Starting from the line that holds "心悅健康促進中心與怡仁醫院合", output exactly each line through the end of the listing. Do not copy pictures.
━━━ DATA SECTION ━━━
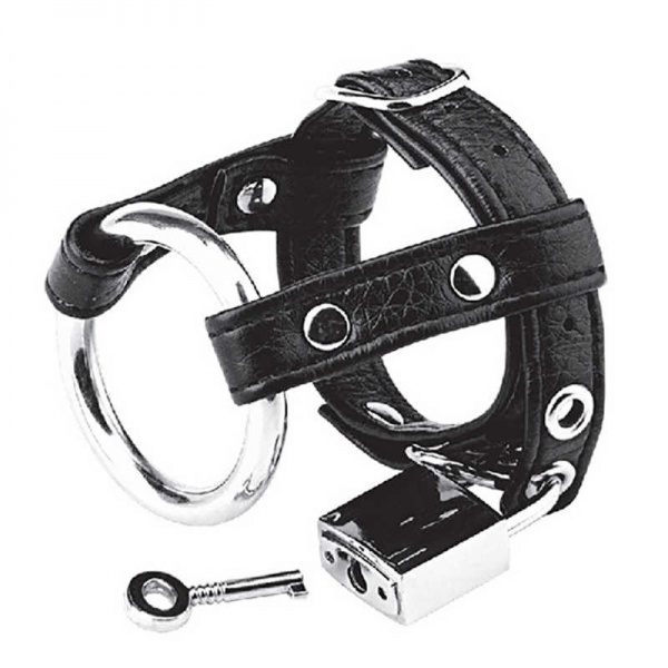 Аксессуар предназначен для одновременной стимуляции пениса и мошонки. Игрушка представляет собой конструкцию из кожаных ремешков, соединенных перемычками с металлическим кольцом диаметром 4 см. Кольцо одевается на пенис, а фиксирующий ремень заводится за мошонку, надежно застегиваясь в этом положении. В комплекте есть маленький навесной замочек с ключиком, который можно навесить в специальные проушины. Конструкция из черной экокожи эффектно декорирована никелированными клепками, которые дополнительно усиливают соединения.
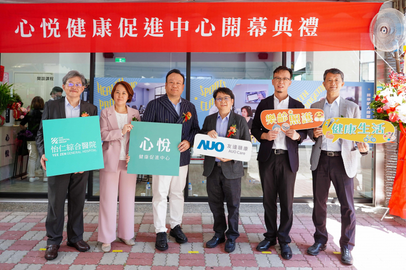 心悅健康促進中心與怡仁醫院合作,並導入友達頤康運動健康管理方案,為樂齡族群打造全新的健康運動空間(圖左至右:怡仁醫院執行副院長黃文豪、承業生醫財務長陳怡君、承業生醫副董事長李典穎、友達光電新事業暨投資管理總部副總經理楊本豫、怡仁醫院副院長廖耕望、友達頤康董事長葉俊正)
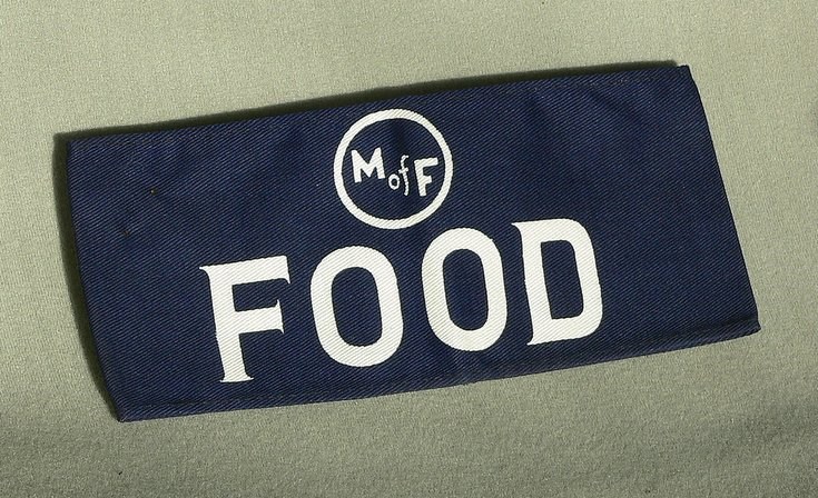 Two identical dark blue Ministry of Food armbands with white lettering 'MofF' enclosed in a circle and 'FOOD'. One armband is unused.
━━━
--- RESPONSE ---
 心悅健康促進中心與怡仁醫院合作,並導入友達頤康運動健康管理方案,為樂齡族群打造全新的健康運動空間(圖左至右:怡仁醫院執行副院長黃文豪、承業生醫財務長陳怡君、承業生醫副董事長李典穎、友達光電新事業暨投資管理總部副總經理楊本豫、怡仁醫院副院長廖耕望、友達頤康董事長葉俊正)
 Two identical dark blue Ministry of Food armbands with white lettering 'MofF' enclosed in a circle and 'FOOD'. One armband is unused.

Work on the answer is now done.